● **WORK INSTRUCTIONS**:
Write out the data exactly as given, dropping every picture.

● **DATA SHOWN**:

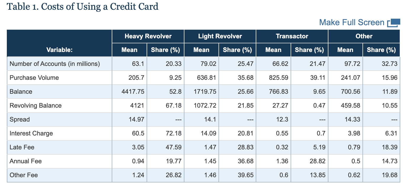 "The bottom half of Table 1 examines how the costs of using a credit card vary with account usage type. The average heavy revolver pays more than 60 [dollars] per month in interest charges, and more than 70 percent of all interest is paid by heavy revolvers. Light revolvers pay 15 [dollars] of interest a month, making up about 20 percent of all interest. Similarly, heavy and light revolvers pay almost 50 percent and 30 percent of all late fees, respectively. By comparison, a higher burden of annual and other fees falls on transactors and light revolvers. Transactors pay almost 30 percent of all annual fees, whereas light revolvers pay 37 percent and heavy revolvers pay less than 20 percent.24 Nevertheless, the majority of annual fees are paid by revolver accounts. The summary statistics are broadly consistent with previous survey-based evidence of the costs of credit cards (for example, Stango and Zinman, 2009) and the biannual report on the credit card market issued by the Consumer Financial Protection Bureau.
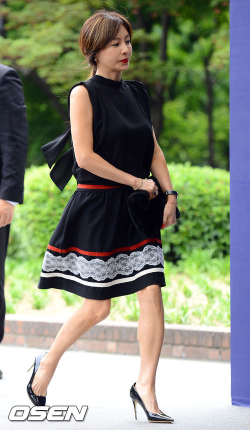 결혼식에 참석한 황신혜가 포토월로 입장하고 있다.
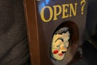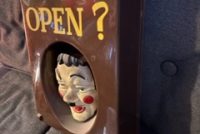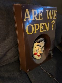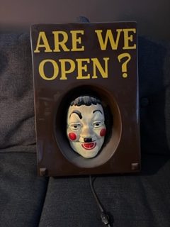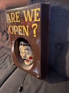 Vintage mechanical animated store display in as found condition. Neat old automaton nodder asking “ARE WE OPEN”. Face moves front to back with smooth movement. Check the face, what do you think???????????????
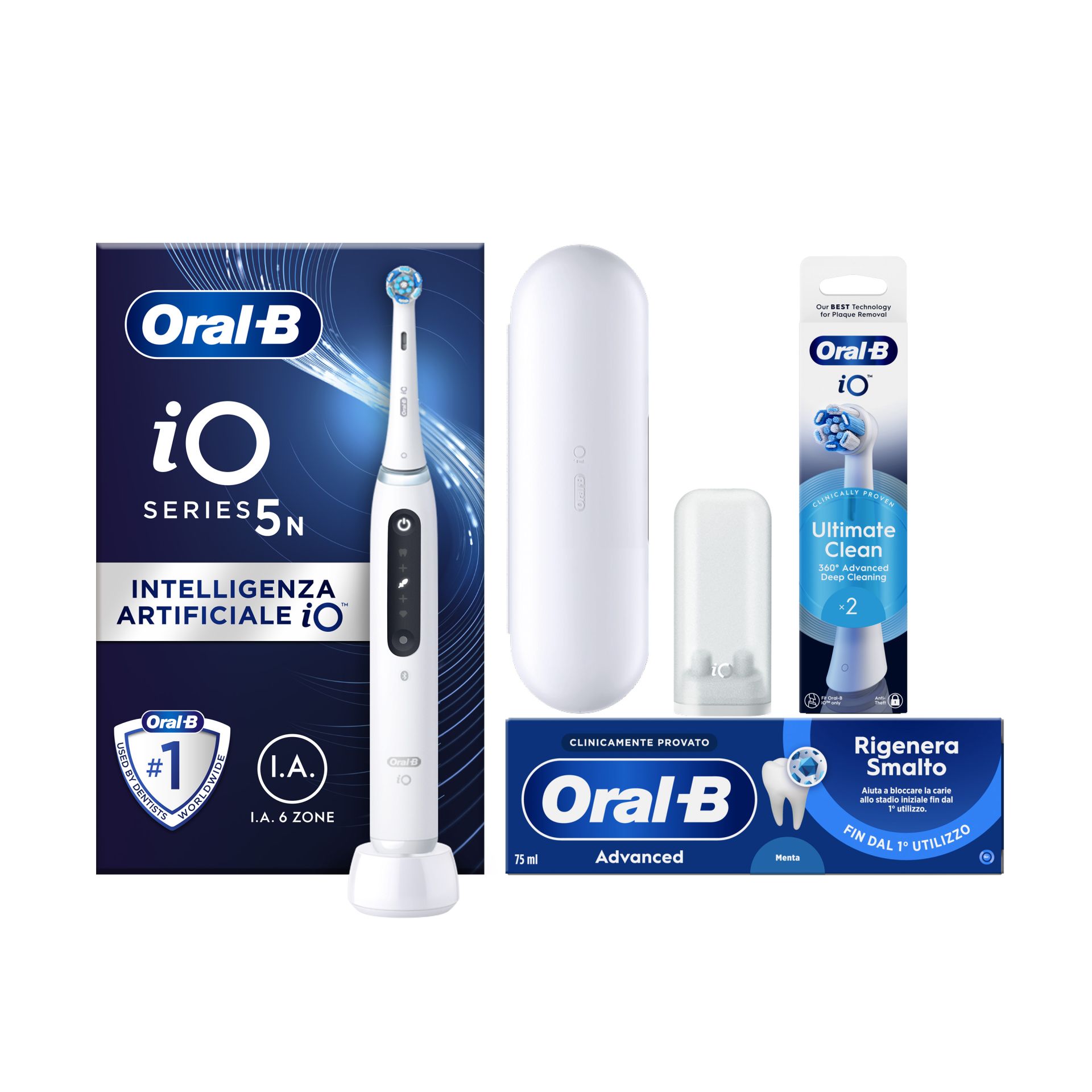 Lo spazzolino elettrico iO 5 presenta la migliore tecnologia Oral-B, combinando una testina rotonda ispirata agli strumenti dei dentisti con setole oscillanti per una sensazione di pulizia professionale ovunque tu vada. Il sensore di pressione intelligente ti aiuta ad evitare di spazzolare troppo forte o troppo delicatamente per proteggere meglio le tue gengive. Il riconoscimento dello spazzolamento con I.A. riconosce il tuo stile di spazzolamento guidandoti ogni giorno ad uno spazzolamento migliore. Si collega all’app Oral-B gratuita per monitorare e guidare in tempo reale lo spazzolamento in 6 zone. Sostituisci la testina dello spazzolino Oral-B iO ogni 3 mesi per risultati ottimali.

● **ANSWER SECTION**:
 "The bottom half of Table 1 examines how the costs of using a credit card vary with account usage type. The average heavy revolver pays more than 60 [dollars] per month in interest charges, and more than 70 percent of all interest is paid by heavy revolvers. Light revolvers pay 15 [dollars] of interest a month, making up about 20 percent of all interest. Similarly, heavy and light revolvers pay almost 50 percent and 30 percent of all late fees, respectively. By comparison, a higher burden of annual and other fees falls on transactors and light revolvers. Transactors pay almost 30 percent of all annual fees, whereas light revolvers pay 37 percent and heavy revolvers pay less than 20 percent.24 Nevertheless, the majority of annual fees are paid by revolver accounts. The summary statistics are broadly consistent with previous survey-based evidence of the costs of credit cards (for example, Stango and Zinman, 2009) and the biannual report on the credit card market issued by the Consumer Financial Protection Bureau.
 결혼식에 참석한 황신혜가 포토월로 입장하고 있다.
 Vintage mechanical animated store display in as found condition. Neat old automaton nodder asking “ARE WE OPEN”. Face moves front to back with smooth movement. Check the face, what do you think???????????????
 Lo spazzolino elettrico iO 5 presenta la migliore tecnologia Oral-B, combinando una testina rotonda ispirata agli strumenti dei dentisti con setole oscillanti per una sensazione di pulizia professionale ovunque tu vada. Il sensore di pressione intelligente ti aiuta ad evitare di spazzolare troppo forte o troppo delicatamente per proteggere meglio le tue gengive. Il riconoscimento dello spazzolamento con I.A. riconosce il tuo stile di spazzolamento guidandoti ogni giorno ad uno spazzolamento migliore. Si collega all’app Oral-B gratuita per monitorare e guidare in tempo reale lo spazzolamento in 6 zone. Sostituisci la testina dello spazzolino Oral-B iO ogni 3 mesi per risultati ottimali.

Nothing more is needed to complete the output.